[[ Exercise data, beginning ]]
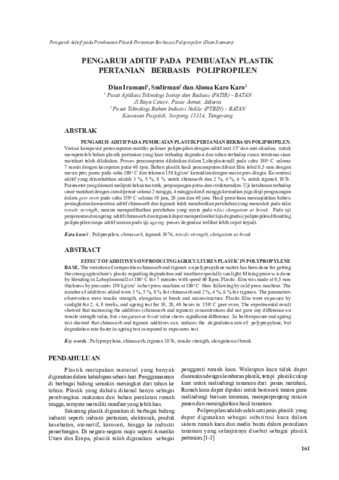 Karo Karo, Aloma and Sudirman, Sudirman (2007) Pengaruh Aditif pada Pembuatan Plastik Pertanian Berbasis Polipropilen. Jurnal Sains Materi Indonesia, 8 (2). pp. 161-166. ISSN 1411-1098
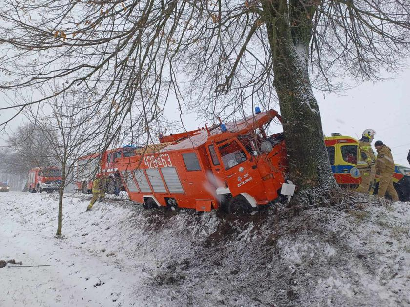 Hasičské auto narazilo do stromuKW PSP v Olsztyně
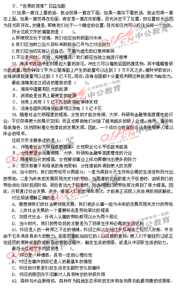 [组图]2010年国家公务员考试行测试题卷答案(模拟)
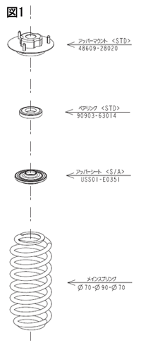 正しい組付け方法は、ダンパーキット付属のアッパースプリングシートの上に、純正時と同様の向きでストラットトップベアリングを載せ、純正のアッパ-マウントを重ねてから、トップナットを規定トルクにて締めつけてください。【図1参照】
[[ Exercise data, end ]]
Repeat the data above exactly, images excluded.

Solution to the exercise
 Karo Karo, Aloma and Sudirman, Sudirman (2007) Pengaruh Aditif pada Pembuatan Plastik Pertanian Berbasis Polipropilen. Jurnal Sains Materi Indonesia, 8 (2). pp. 161-166. ISSN 1411-1098
 Hasičské auto narazilo do stromuKW PSP v Olsztyně
 [组图]2010年国家公务员考试行测试题卷答案(模拟)
 正しい組付け方法は、ダンパーキット付属のアッパースプリングシートの上に、純正時と同様の向きでストラットトップベアリングを載せ、純正のアッパ-マウントを重ねてから、トップナットを規定トルクにて締めつけてください。【図1参照】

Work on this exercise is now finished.